Additionally, banks’ definitions for what qualifies as small business varied drastically, leaving mom and pop shops out of the equation. “Small business can mean [that] you make millions of dollars and have up to 500 employees. That’s who the banks gave the money to,” Jones says. She looked into other grants but turned up empty handed. “There have been probably a half dozen other kinds of grants that we have looked at, but you are competing with people from all over the nation or all over the state.”
Jones wasn’t the only Black-owned business that was left out of the PPP. According to the New York Times, just 12 percent of Black and Latino business owners who applied for PPP aid reported receiving funds. For many, it was their first time applying for a loan. “It’s part of a systematic problem in terms of how African American businesses start up. In a large part, they start up with your own funding,” Jones says. “How that gets viewed by banks and investors is not favorable. So it makes your access to capital different… and it takes capital to open back up.”

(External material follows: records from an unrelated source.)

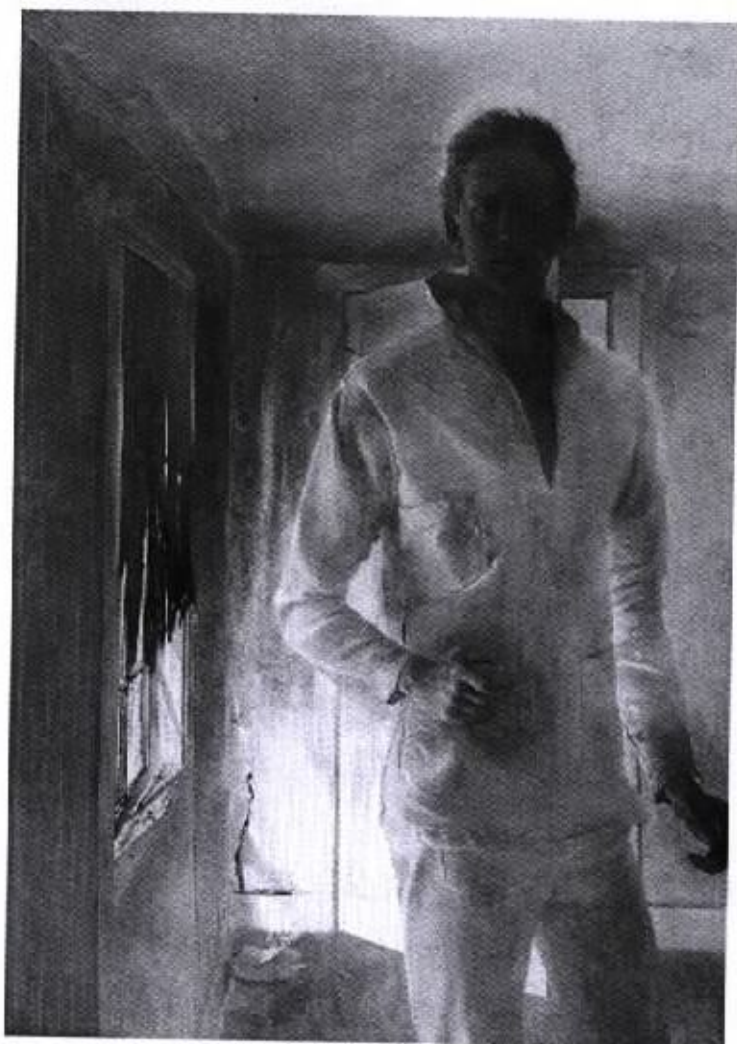
圖 20 『幽靈』1949
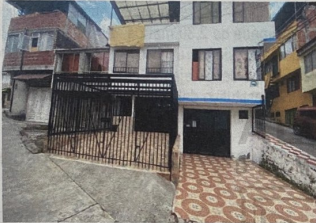
Foto No. 1 Fachada del predio ubicado en Carrera 12D No. 54A-15 , en barrio Fanny González, Comuna Ciudadela del Norte.
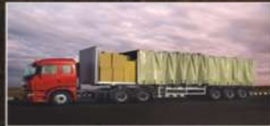
FULL TRUCK LOAD
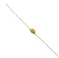
A392M20X7RL5TAA Vishay BC Components CAP CER 3900PF 500V X7R AXIAL
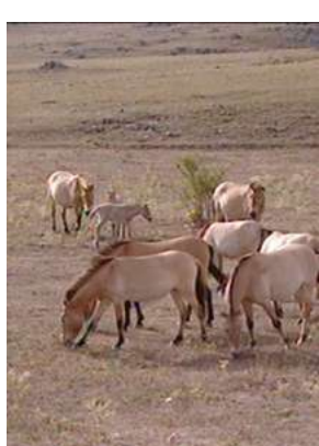
Przewalski, le dernier cheval sauvage, Laurent Charbonnier
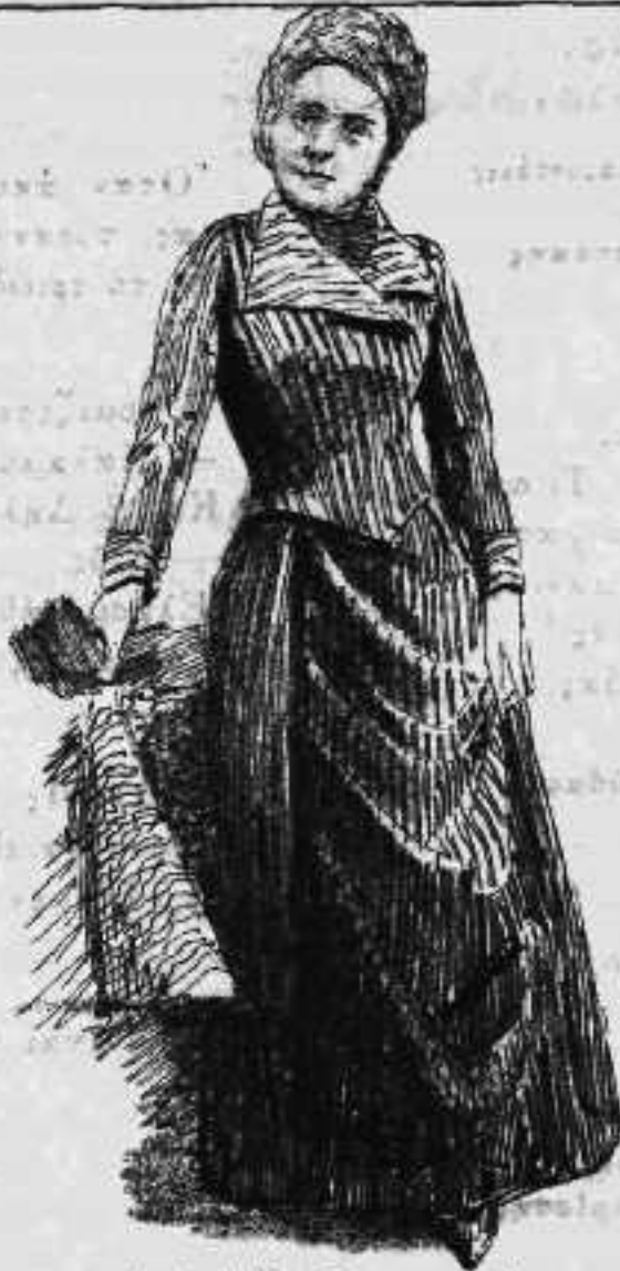
Gabrielle Bompard.
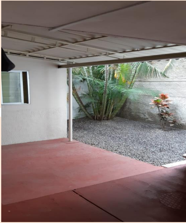
PATIO Y TERRAZA
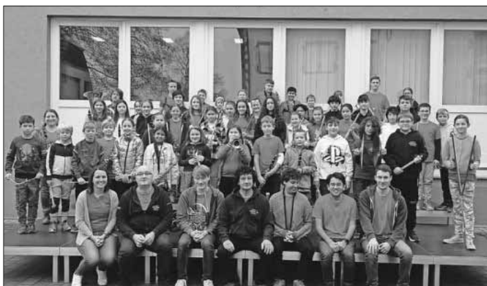
Ein Teil des gemeinsamen Jugendorchesters vor dem „Haus der Musik“.

Informationen zur Bläserjugend erteilt Mennie Lang unter Telefon 07641 / 954832 oder E-Mail: jugend@winzerkapelle.de.

Even when applying for loans to start a business, people of color are often shut out. According to the nonprofit advocacy group the Center for Responsible Lending, about 46 percent of white-owned businesses were able to get credit from a bank over the past five years compared to 23 percent of Black-owned businesses. “When you’re a start-up and you’re using every penny that you have, you’re not sitting on a reserve. And even if you were sitting on a reserve, three months later, your reserve is pretty much eaten up because the expenses continue,” says Jones.
Though the governor announced that restaurants could reopen on May 27 with restrictions attached, Jones decided to push off TeaLee’s opening until July 1, citing fears of coronavirus spikes due to the recent protests across the state. While the Black Lives Matter movement has sparked sweeping change on local and national levels, the conversation has now morphed into how to support the Black community in the long-term. Jones hopes that the movement will help encourage a fairer system so that she and others like her can create their own successes.
“There are people who reach out to you because they want to help, but the word ‘help’ in and of itself can also be crippling,” says Jones. “How do you make the systems work so that I can help myself?
“If things are level in the way they should be, then you come to me because you see me as a business that you want to go to, that you want to eat at, [and] you become a customer because I provide a good service, instead of just helping every once in a while because you think that I’m in distress.”